An Index of State Medicaid Generosity: Description and Predictors
*Names in bold indicate Presenter
It is estimated that from 2014-2017, as many as 14.5 million people became insured through Medicaid. However, while many studies have focused on state decisions to expand Medicaid or not, fewer have examined broader trends in state-level Medicaid policy that affect eligibility criteria, administrative barriers to uptake and benefit generosity, many of which pre-date the ACA. The objectives this study were 1. To generate an Index of State Medicaid Generosity along three dimensions (income eligibility limits, enrollment rules, and benefit levels) across all 50 states and DC to share with the broader research community; 2. To summarize results of the Index and 3. To examine predictors of state Medicaid generosity.
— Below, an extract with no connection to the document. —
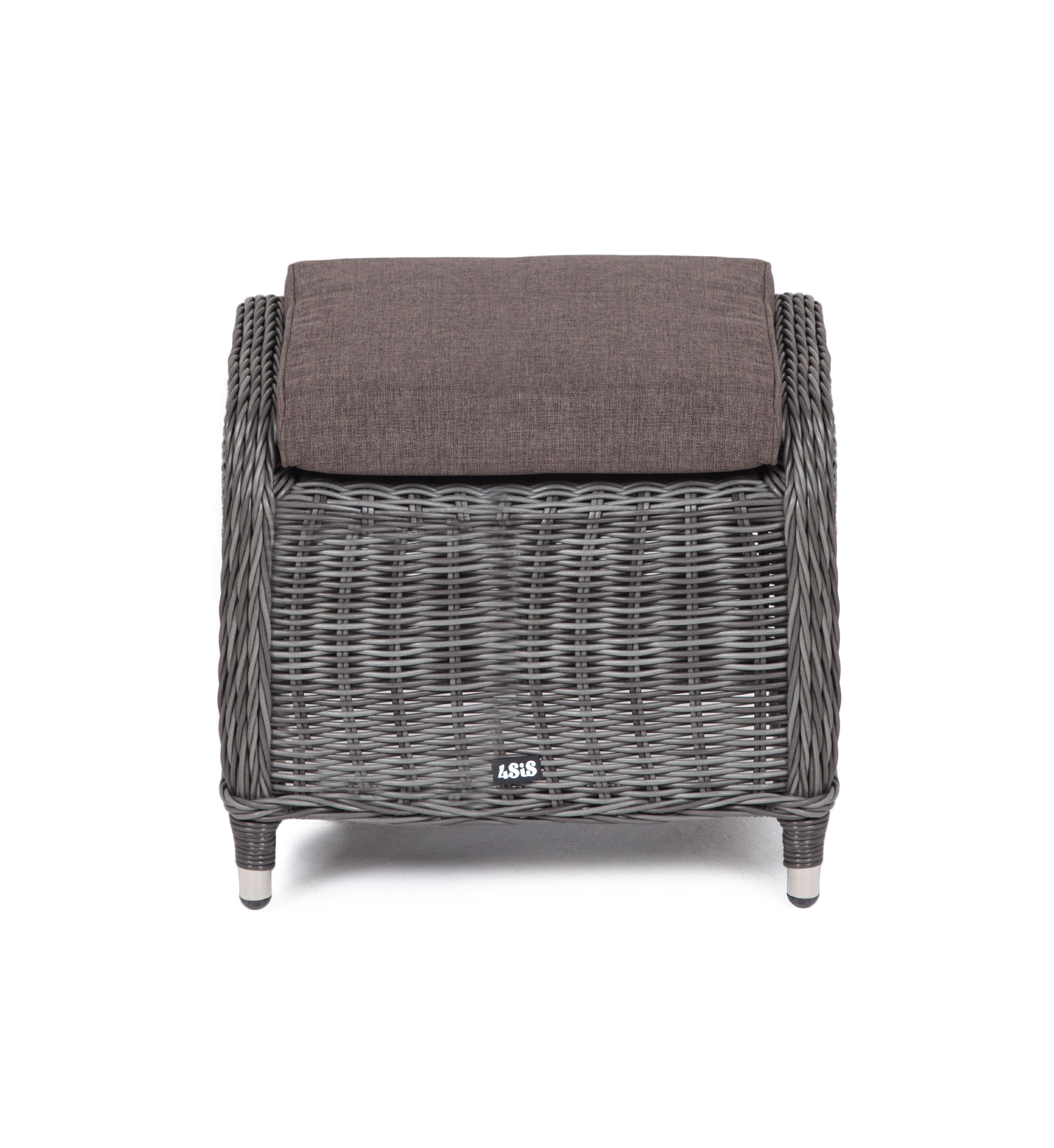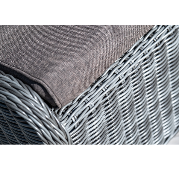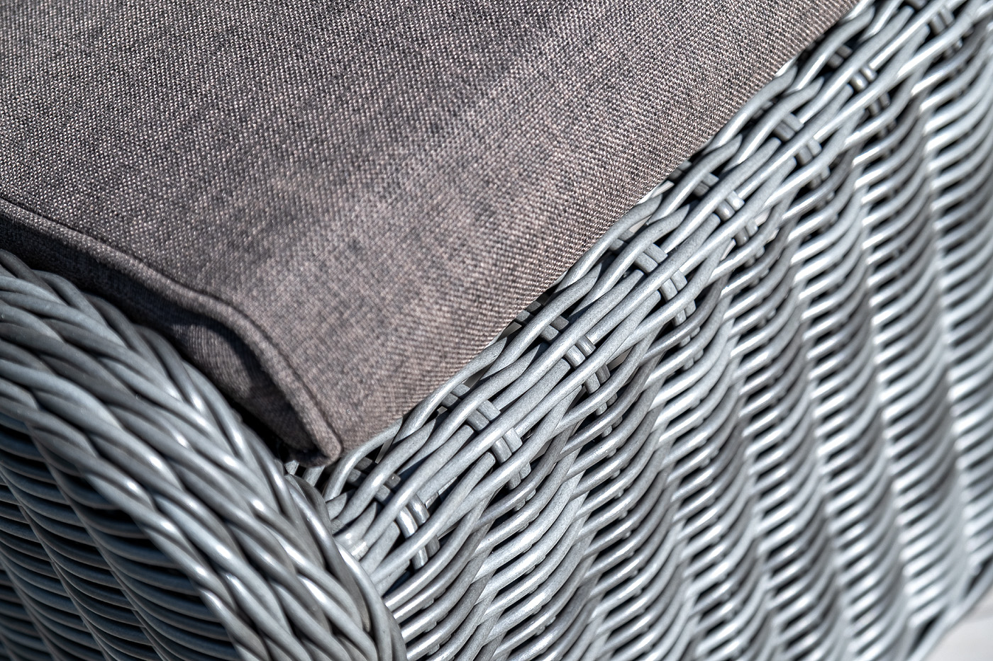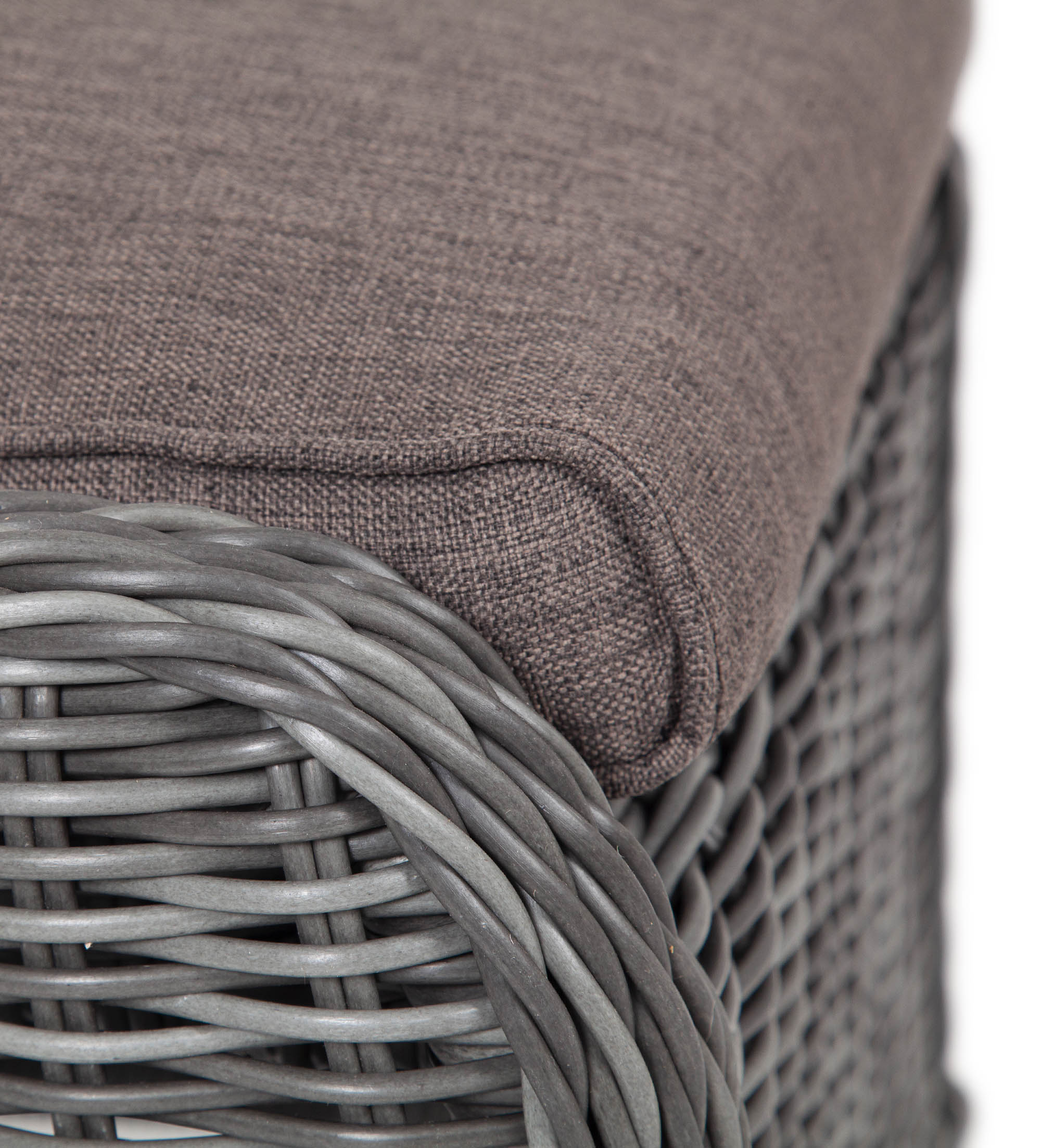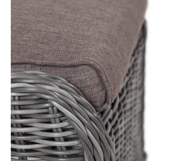 В комплект с плетеным пуфом идет мягкая подушка серого оттенка. При пошиве изделия используется высококачественный полиэстер, его плотность 300гр/м2. Материал обрабатывается влагоотталкивающей пропиткой.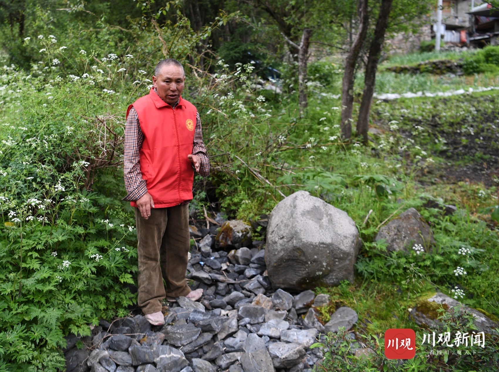 6月9日20时51分,草登乡发生地震后,科拉机村一组组长、地灾监测员然拉木滚,发现房屋周边一条从未断流的小溪断流了,根据培训知识判断接下来可能会发生较大地质灾害,及时组织村民转移、避免12人因灾伤亡。图为然拉木滚和断流的小溪。

Data from the Kaiser Family Foundation’s State Health Facts on Medicaid and CHIP programs were compiled into a longitudinal dataset. Information on each state policy decision was coded such that a higher score represents a more generous Medicaid policy choice. All scores were summed and normalized on a 0-100 scale where 100 is equivalent to a state adopting the most generous allowable policies across three dimensions (income eligibility, easing of administrative barriers to enrollment, and benefit/co-pay generosity). The results were summarized into a decomposable index for the years 2000-2016 representing all variables that were measured both pre and post-ACA. This study first reports on the findings from the State Medicaid Generosity Index (including variation in state ACA implementation). Next, the study examines predictors of state Medicaid generosity including state ideology, poverty rates and race/ethnic composition.
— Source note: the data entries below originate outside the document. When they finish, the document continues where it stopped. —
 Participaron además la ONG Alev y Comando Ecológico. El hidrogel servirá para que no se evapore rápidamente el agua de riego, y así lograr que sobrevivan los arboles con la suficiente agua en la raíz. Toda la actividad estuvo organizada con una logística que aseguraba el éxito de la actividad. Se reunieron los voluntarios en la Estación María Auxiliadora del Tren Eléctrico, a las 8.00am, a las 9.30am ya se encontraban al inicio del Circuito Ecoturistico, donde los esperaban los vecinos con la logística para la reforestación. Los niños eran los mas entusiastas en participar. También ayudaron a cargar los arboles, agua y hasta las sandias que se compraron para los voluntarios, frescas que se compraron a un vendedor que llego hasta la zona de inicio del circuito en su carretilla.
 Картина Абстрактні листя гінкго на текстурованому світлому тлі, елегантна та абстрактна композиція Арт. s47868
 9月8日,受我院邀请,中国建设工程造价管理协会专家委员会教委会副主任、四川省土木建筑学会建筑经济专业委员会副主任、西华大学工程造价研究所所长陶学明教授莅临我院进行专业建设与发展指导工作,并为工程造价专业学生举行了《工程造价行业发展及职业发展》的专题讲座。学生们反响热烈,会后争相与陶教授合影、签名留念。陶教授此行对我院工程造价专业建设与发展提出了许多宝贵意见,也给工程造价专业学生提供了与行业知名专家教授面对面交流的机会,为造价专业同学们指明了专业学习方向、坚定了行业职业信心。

States vary widely in overall generosity and across all three dimensions. States have generally moved in the direction of having fewer enrollment rules and towards more generous eligibility levels even in states that did not expand Medicaid. However, states have remained largely unchanged in terms of covered benefits/copays. The most consistently generous states/localities between 2000-2016 across all categories were Washington DC, New Jersey and Connecticut while the consistently least generous were Texas, Utah and South Dakota. No state has adopted all of the possible policy reforms that would maximize eligibility levels, minimize administrative barriers to enrollment and provide all allowable benefits and eliminate copays. More liberal state ideology predicted higher Medicaid generosity, however poverty and race/ethnicity did not.
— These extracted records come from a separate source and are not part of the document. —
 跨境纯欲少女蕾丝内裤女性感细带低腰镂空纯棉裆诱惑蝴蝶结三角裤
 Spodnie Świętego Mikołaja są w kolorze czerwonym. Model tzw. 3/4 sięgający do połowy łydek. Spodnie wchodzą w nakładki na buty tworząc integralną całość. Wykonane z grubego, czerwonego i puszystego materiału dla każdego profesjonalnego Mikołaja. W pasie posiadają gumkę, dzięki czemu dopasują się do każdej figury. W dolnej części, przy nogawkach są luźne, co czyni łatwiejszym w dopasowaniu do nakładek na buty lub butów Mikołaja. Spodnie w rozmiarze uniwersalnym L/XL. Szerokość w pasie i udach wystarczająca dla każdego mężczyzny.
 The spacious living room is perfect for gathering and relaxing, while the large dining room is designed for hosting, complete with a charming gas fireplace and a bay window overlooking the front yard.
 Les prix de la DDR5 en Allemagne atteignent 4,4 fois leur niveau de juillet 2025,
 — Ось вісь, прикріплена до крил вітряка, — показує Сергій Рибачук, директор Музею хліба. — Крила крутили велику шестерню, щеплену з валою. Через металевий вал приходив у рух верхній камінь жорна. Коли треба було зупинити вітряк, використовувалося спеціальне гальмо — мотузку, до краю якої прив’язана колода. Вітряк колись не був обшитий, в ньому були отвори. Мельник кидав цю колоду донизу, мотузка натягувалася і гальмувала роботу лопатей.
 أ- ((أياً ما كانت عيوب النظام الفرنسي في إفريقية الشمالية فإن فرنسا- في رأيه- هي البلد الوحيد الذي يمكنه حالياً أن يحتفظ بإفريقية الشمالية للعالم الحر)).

States vary widely in their adoption of policies aimed at increasing enrollment and providing more generous coverage for participants. States that are most generous may not be the ones we expect and states vary in their generosity across different dimensions. While many researchers focus on the nature of changes in Medicaid occasioned by the Medicaid expansion, this study shows that there are a variety of other areas that states have the authority to reform to increase coverage and increase benefit levels.
Implications for Policy or Practice
Both states that have expanded Medicaid and those who have failed to do so have room to reform to their eligibility, enrollment and benefit levels to improve uptake and increase the generosity of their Medicaid programs.